◆ Task goal ◆
Strip the pictures, then copy the remaining data exactly as it stands.

◆ Source data ◆

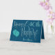 A design with ornate typography in dark colors for a 40th birthday. Happy Birthday is set in a decorative script in blue, and the age is in a cordinating style in soft teal, along with your recipient’s name, on a blue background. You can change the message inside to your own greeting. Faux sparkly teal balloons add the perfect finishing touch on the front! The same color blue background continues on the inside.
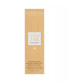 Dane produktowe Dermika Luxury Gold Luksusowy krem do skóry wokół oczu esencja młodości na dzień i na noc 15 ml „Mój urok to najpiękniejsza biżuteria. Olśniewam wewnętrzną siłą." Z wiekiem delikatna skóra okolic oczu traci jędrność, zmarszczki uwydatniają się, a blask spojrzenia przygasa....
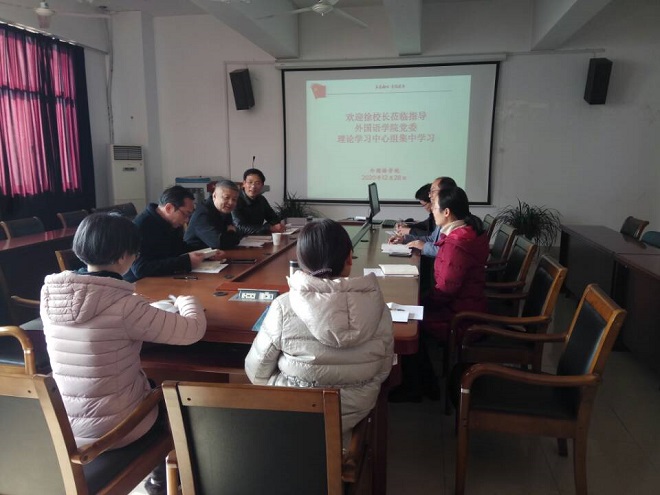 党委理论学习中心组在文科楼A349开展集中学习,徐岩副校长到会指导。
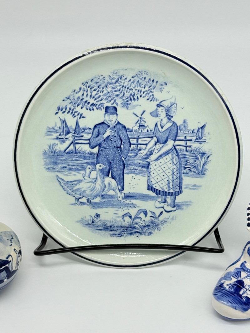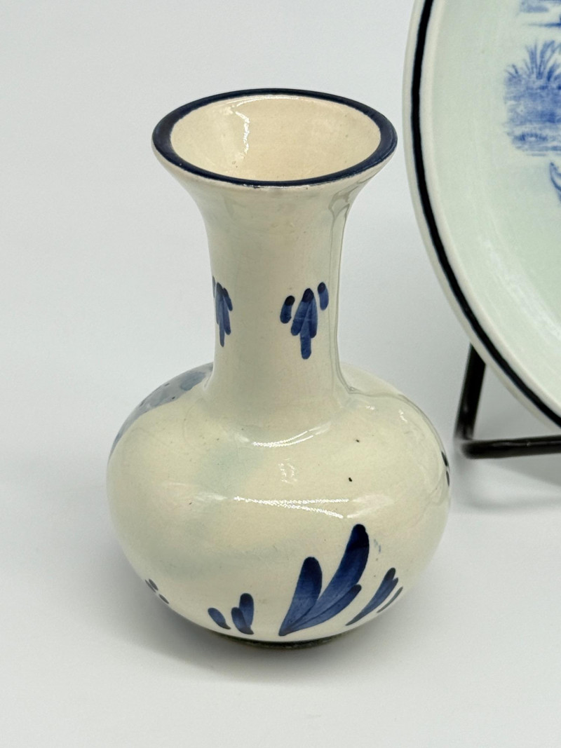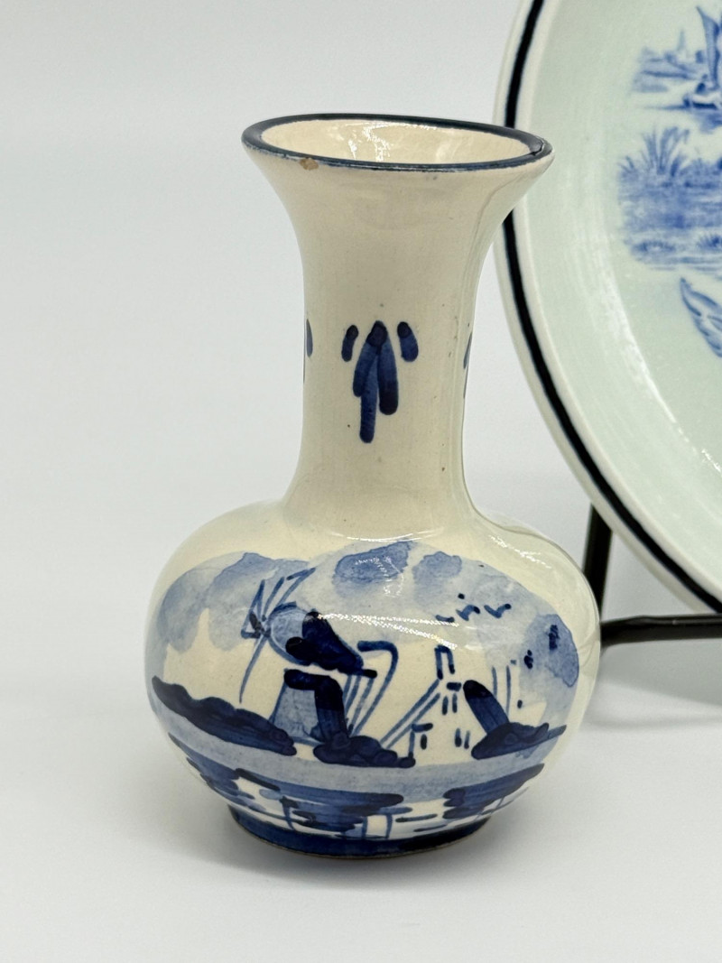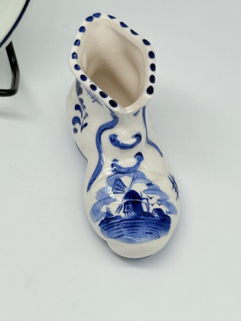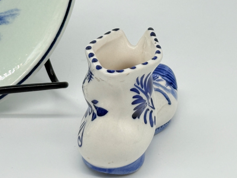 Vintage Delft Blue Hand Painted Ceramic Decorative Vase, Plate & Shoe

◆ Answer for the task ◆
 A design with ornate typography in dark colors for a 40th birthday. Happy Birthday is set in a decorative script in blue, and the age is in a cordinating style in soft teal, along with your recipient’s name, on a blue background. You can change the message inside to your own greeting. Faux sparkly teal balloons add the perfect finishing touch on the front! The same color blue background continues on the inside.
 Dane produktowe Dermika Luxury Gold Luksusowy krem do skóry wokół oczu esencja młodości na dzień i na noc 15 ml „Mój urok to najpiękniejsza biżuteria. Olśniewam wewnętrzną siłą." Z wiekiem delikatna skóra okolic oczu traci jędrność, zmarszczki uwydatniają się, a blask spojrzenia przygasa....
 党委理论学习中心组在文科楼A349开展集中学习,徐岩副校长到会指导。
 Vintage Delft Blue Hand Painted Ceramic Decorative Vase, Plate & Shoe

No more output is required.